In the inaugural session of the 2024 Trade Secrets Webinar Series, our panelists meticulously examine pivotal legislation, landmark cases, and legal advancements spanning trade secrets and data theft, non-competes and restrictive covenants, and computer fraud on a national scale. Tailored specifically for general counsel, labor and employment counsel, IP counsel, and HR professionals, this webinar offers essential insights into trade secrets, non-competes and restrictive covenants, and computer fraud.

Here are the key takeaways from the webinar:

  1. Federal agencies continue to crack down on the use of non-compete covenants. The FTC moved forward with its proposed ban of non-competes with employees and we expect to see a formal rule released in mid-spring 2024. Legal challenges are expected. The NLRB’s General Counsel also released a memorandum signaling enforcement actions against companies using non-competes with their non-exempt workforce and we have seen at least one agency action thus far. We also saw proposed federal legislation banning or narrowing the use of non-competes, which we expect to be reintroduced in 2024. Lastly, we saw federal agencies insisting on broad whistleblower protections in confidentiality agreements with impacted employees and customers.

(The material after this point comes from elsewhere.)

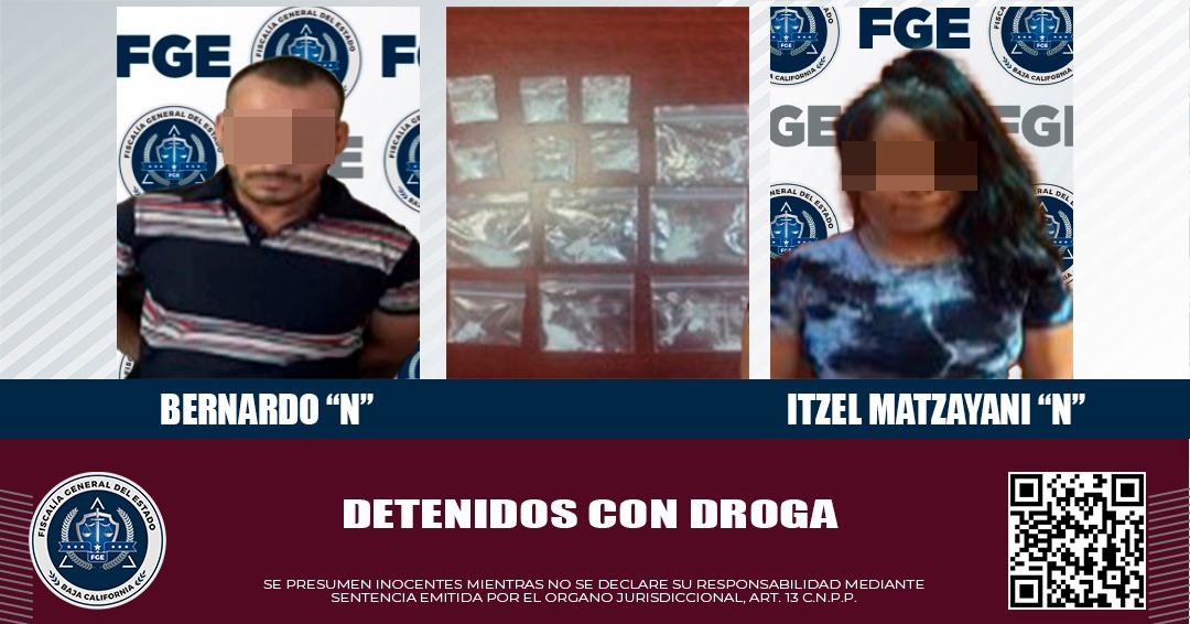 MEXICALI, B.C. La Fiscalía General del Estado (FGE), continúa en el combate frontal a la venta de droga, logrando durante la cumplimentación de órdenes de cateo, asegurar a un hombre y a una mujer en posesión de dosis de droga.

  2. State legislatures continued to narrow the use of the non-competes with employees. Minnesota adopted a ban on non-competes. California adopted two new law that further limit the use of restrictive covenants in California and require employers to provide notice to current and former employees (since January 1, 2022) by February 14, 2024 that any operative non-competes that they signed are void. California’s new law positions the state as a beacon on the hill for employees and California employers attempting to shed employee non-compete covenants that may be enforceable in other jurisdictions.
  3. We saw an increasing hostility towards restrictive covenants by certain judicial officers in the Delaware Chancery Court, including in cases involving employment and equity agreements with out-of-state executives, with a notable differing view in recent Delaware Supreme Court case, which reaffirmed Delaware’s deference to parties’ freedom to contract.
  4. We continued to see large trade secret verdicts and an increasing focus on novel trade secret damages theories. We saw notable decisions addressing the recovery of damages for non-U.S. sales under the Defend Trade Secrets Act and the recovery of unjust enrichment damages when damages for actual losses are not sufficient.